Word for word, copy the line containing "Todos juntos na" and every line after it in the records below, leaving pictures out.

Records:

**********

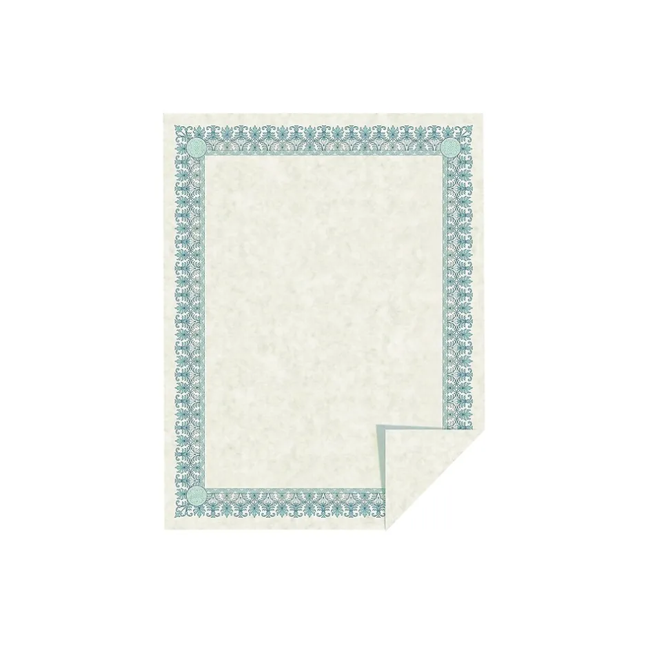 - Made of 24 lb. premium ivory parchment paper with green and blue border
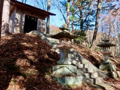 ヒイコラ登って尾根に戻り、平坦な尾根を先に辿ると諏訪神社が建つ。このすぐ先が今朝、通った町道暮坂引沼線で、駐車場がある。
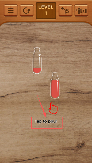 3、开始倒水:根据提示“Tap to pour”,点击屏幕控制水量,将液体倒至目标刻度。
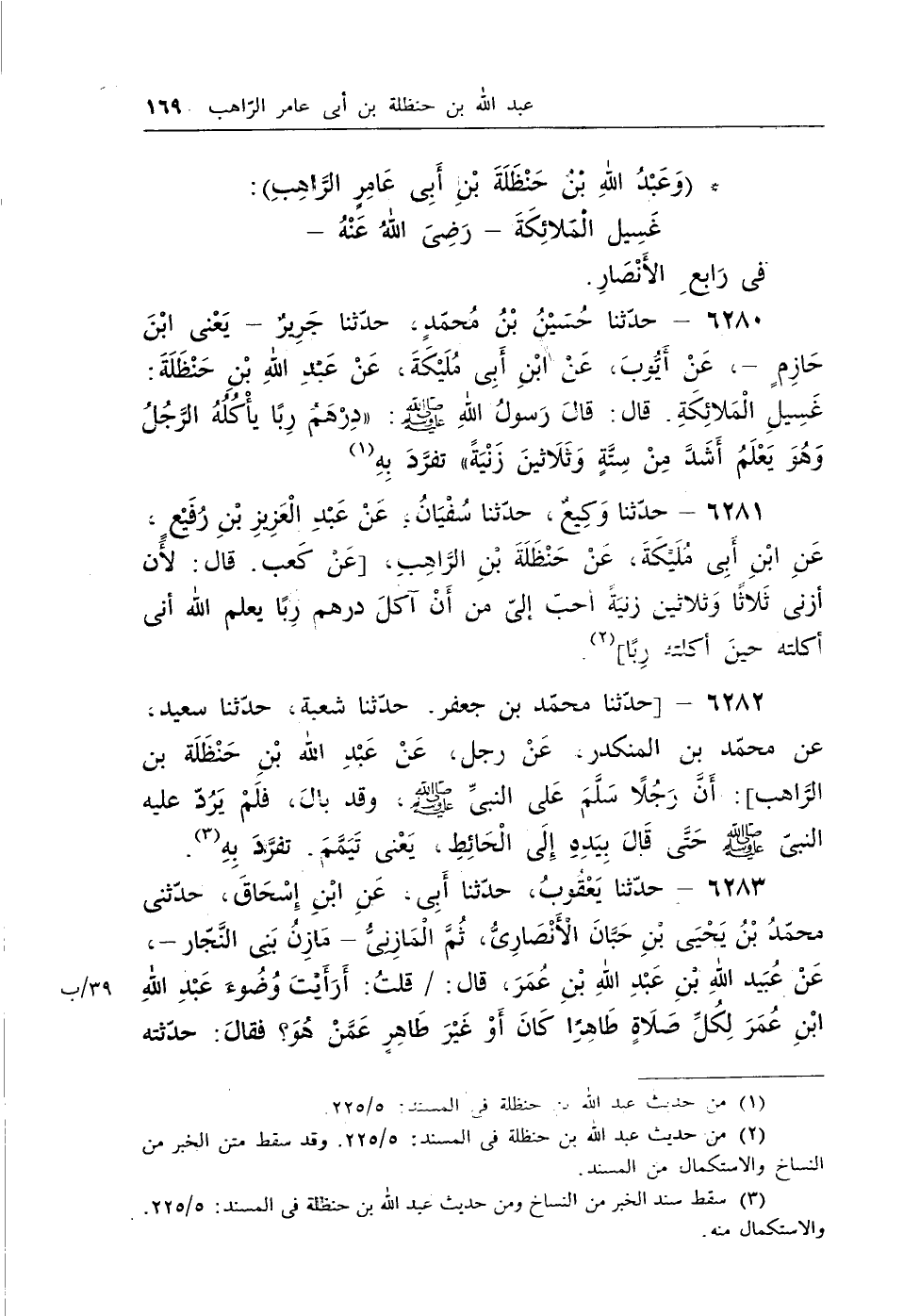(¬2) من حديث عبد الله بن حنظلة فى المسند: 5/225. وقد سقط متن الخبر من النساخ والاستكمال من المسند.
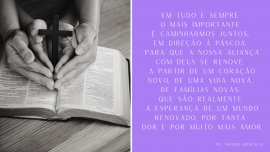 Todos juntos na arca da Aliança”!  Este é o propósito que nos guia, neste caminho da Quaresma à Pascoa de 2021. Deus chama-nos a viver em aliança com Ele!  Esta vida em aliança começa no nosso Batismo, cujas promessas renovaremos na Páscoa do Senhor. Esta aliança vive-se, de modo especialmente belo, na alegria do amor conjugal e familiar. E, por isso, a nossa caminhada para a Páscoa, em tempos de pandemia e de confinamento, é eminentemente familiar. Irmãos e irmãs: reunimo-nos, hoje, para dar início a este percurso, que nos levará à Páscoa da nova aliança: aliança irrevogável da parte de Deus, sempre fiel ao Seu Amor; aliança, da nossa parte, muitas vezes ferida pelas nossas infidelidades. Aproveitemos então a graça deste tempo da Quaresma, não para maldizer a quarentena que dura há quase um ano, mas para renovar a nossa fé, a nossa esperança e a nossa caridade. Este é o tempo favorável para nos convertermos e voltarmos ao primeiro amor, numa vida em aliança com o Senhor. Desde este primeiro dia da Quaresma, peçamos ao Senhor esta grande graça.
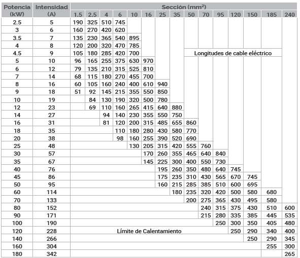 Cable diseñado para soportar la potencia e intensidad nominal de las bombas
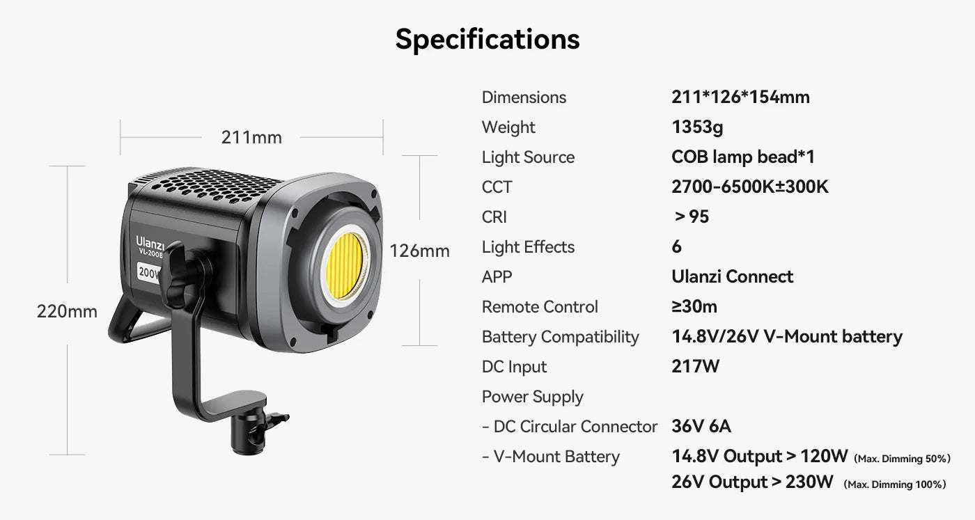 - VL-200Bi 200W Light / 26000mAh V-Mount Battery*1 PC
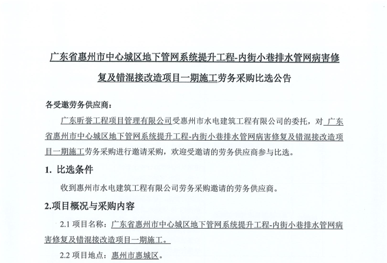 廣東省惠州市中心城區(qū)地下管網(wǎng)系統(tǒng)提升工程-內(nèi)街小巷排水管網(wǎng)病害修復及錯混接改造項目一期施工勞務(wù)采購(第二次)中選候選人公示……
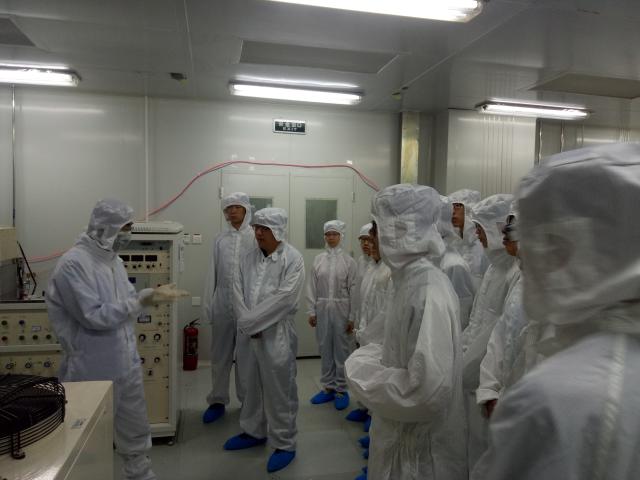 最后同学们参观了芯片加工的超净间及微电子相关重点实验室,电子所老师向大家介绍并展示了芯片加工过程中的主要步骤,并着重强调了在硅片上进行的镀金和刻画等操作,同时也结合我国微电子技术发展形式激励同学们努力学习,为我国微电子事业贡献自己的一份力量。

**********

Response area:
 Todos juntos na arca da Aliança”!  Este é o propósito que nos guia, neste caminho da Quaresma à Pascoa de 2021. Deus chama-nos a viver em aliança com Ele!  Esta vida em aliança começa no nosso Batismo, cujas promessas renovaremos na Páscoa do Senhor. Esta aliança vive-se, de modo especialmente belo, na alegria do amor conjugal e familiar. E, por isso, a nossa caminhada para a Páscoa, em tempos de pandemia e de confinamento, é eminentemente familiar. Irmãos e irmãs: reunimo-nos, hoje, para dar início a este percurso, que nos levará à Páscoa da nova aliança: aliança irrevogável da parte de Deus, sempre fiel ao Seu Amor; aliança, da nossa parte, muitas vezes ferida pelas nossas infidelidades. Aproveitemos então a graça deste tempo da Quaresma, não para maldizer a quarentena que dura há quase um ano, mas para renovar a nossa fé, a nossa esperança e a nossa caridade. Este é o tempo favorável para nos convertermos e voltarmos ao primeiro amor, numa vida em aliança com o Senhor. Desde este primeiro dia da Quaresma, peçamos ao Senhor esta grande graça.
 Cable diseñado para soportar la potencia e intensidad nominal de las bombas
 - VL-200Bi 200W Light / 26000mAh V-Mount Battery*1 PC
 廣東省惠州市中心城區(qū)地下管網(wǎng)系統(tǒng)提升工程-內(nèi)街小巷排水管網(wǎng)病害修復及錯混接改造項目一期施工勞務(wù)采購(第二次)中選候選人公示……
 最后同学们参观了芯片加工的超净间及微电子相关重点实验室,电子所老师向大家介绍并展示了芯片加工过程中的主要步骤,并着重强调了在硅片上进行的镀金和刻画等操作,同时也结合我国微电子技术发展形式激励同学们努力学习,为我国微电子事业贡献自己的一份力量。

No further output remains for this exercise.